Exercise objective: Please print, exactly as written, the line containing "發(fā)明專利申請(qǐn" and each line after it through the end of the material; pictures stay out.

Start of Block

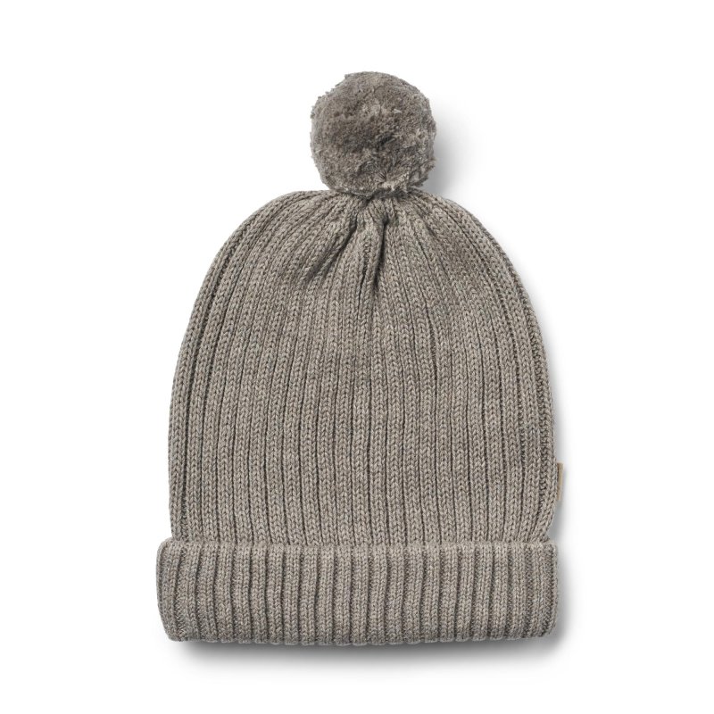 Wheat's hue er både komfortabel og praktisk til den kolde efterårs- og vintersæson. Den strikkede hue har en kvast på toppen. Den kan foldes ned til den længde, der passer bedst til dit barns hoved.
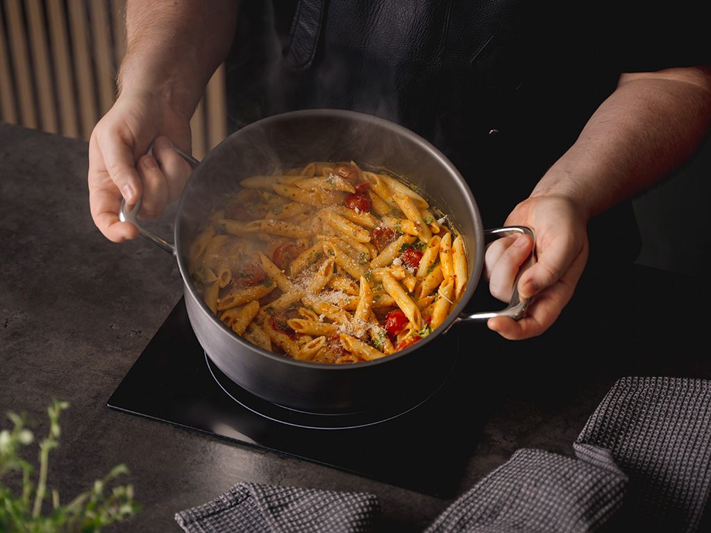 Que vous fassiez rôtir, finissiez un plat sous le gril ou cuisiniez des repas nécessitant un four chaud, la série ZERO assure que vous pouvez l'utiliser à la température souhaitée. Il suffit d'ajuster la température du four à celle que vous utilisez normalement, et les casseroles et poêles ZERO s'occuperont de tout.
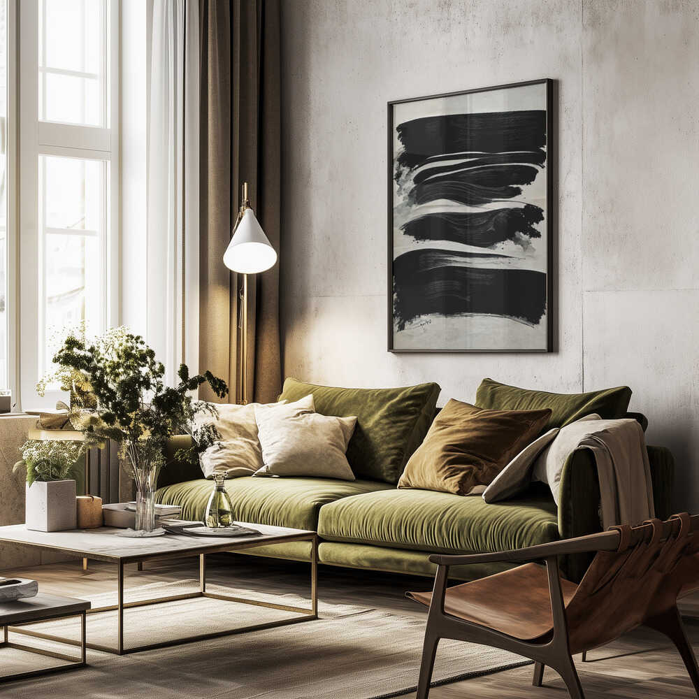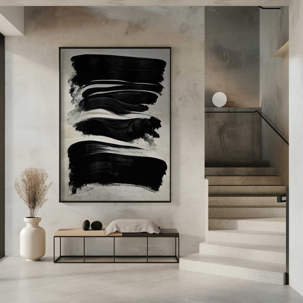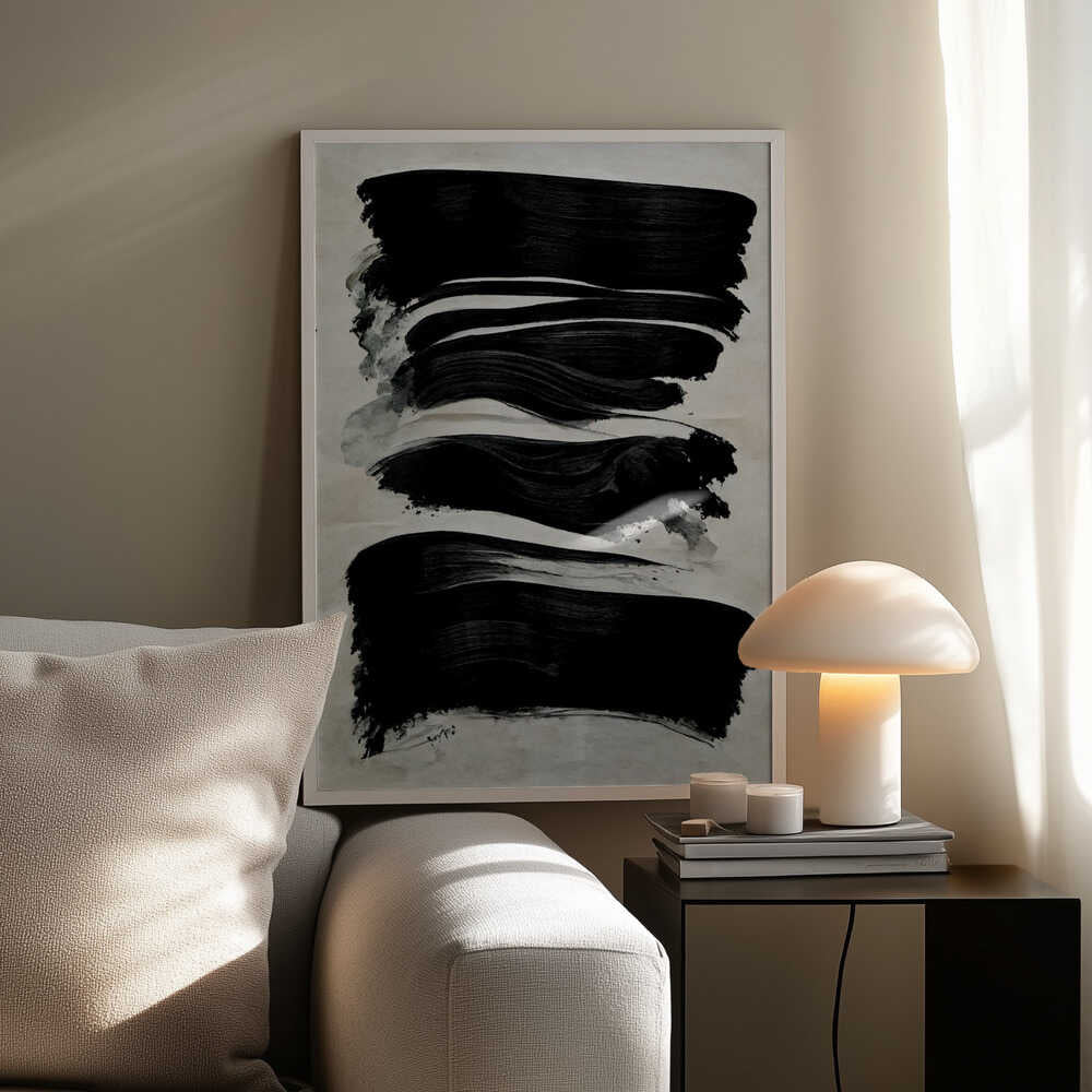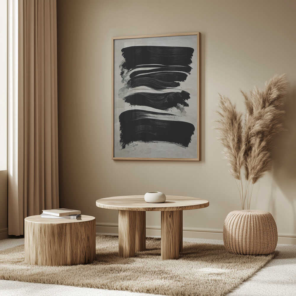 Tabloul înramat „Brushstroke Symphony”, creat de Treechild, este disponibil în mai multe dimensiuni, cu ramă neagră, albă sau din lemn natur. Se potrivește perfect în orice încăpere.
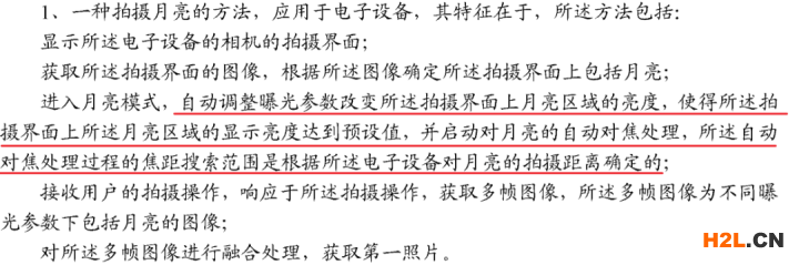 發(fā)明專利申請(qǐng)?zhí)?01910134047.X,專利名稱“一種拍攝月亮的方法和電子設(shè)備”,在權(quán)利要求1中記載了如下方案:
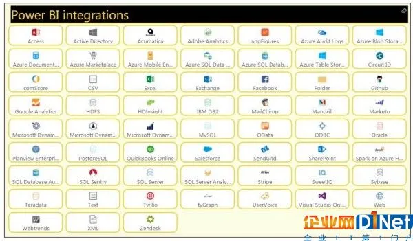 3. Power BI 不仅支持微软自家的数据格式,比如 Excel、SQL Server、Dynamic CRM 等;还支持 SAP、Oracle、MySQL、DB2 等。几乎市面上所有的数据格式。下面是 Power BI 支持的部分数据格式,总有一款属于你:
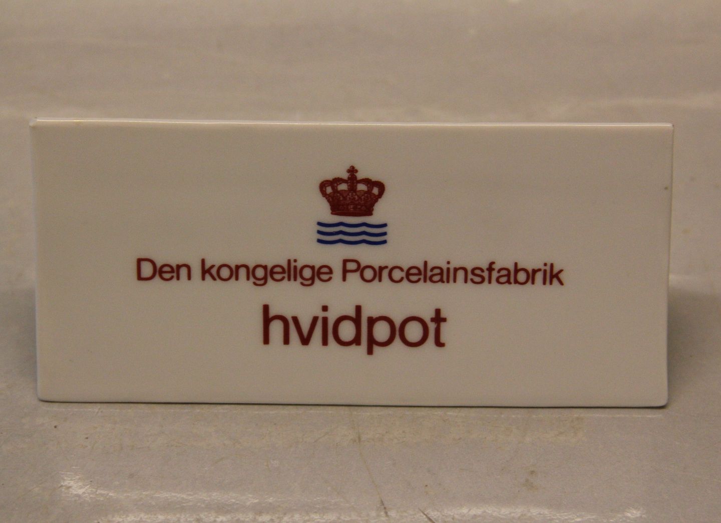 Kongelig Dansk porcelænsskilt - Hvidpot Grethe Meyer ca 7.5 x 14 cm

End of Block

Final answer:
 發(fā)明專利申請(qǐng)?zhí)?01910134047.X,專利名稱“一種拍攝月亮的方法和電子設(shè)備”,在權(quán)利要求1中記載了如下方案:
 3. Power BI 不仅支持微软自家的数据格式,比如 Excel、SQL Server、Dynamic CRM 等;还支持 SAP、Oracle、MySQL、DB2 等。几乎市面上所有的数据格式。下面是 Power BI 支持的部分数据格式,总有一款属于你:
 Kongelig Dansk porcelænsskilt - Hvidpot Grethe Meyer ca 7.5 x 14 cm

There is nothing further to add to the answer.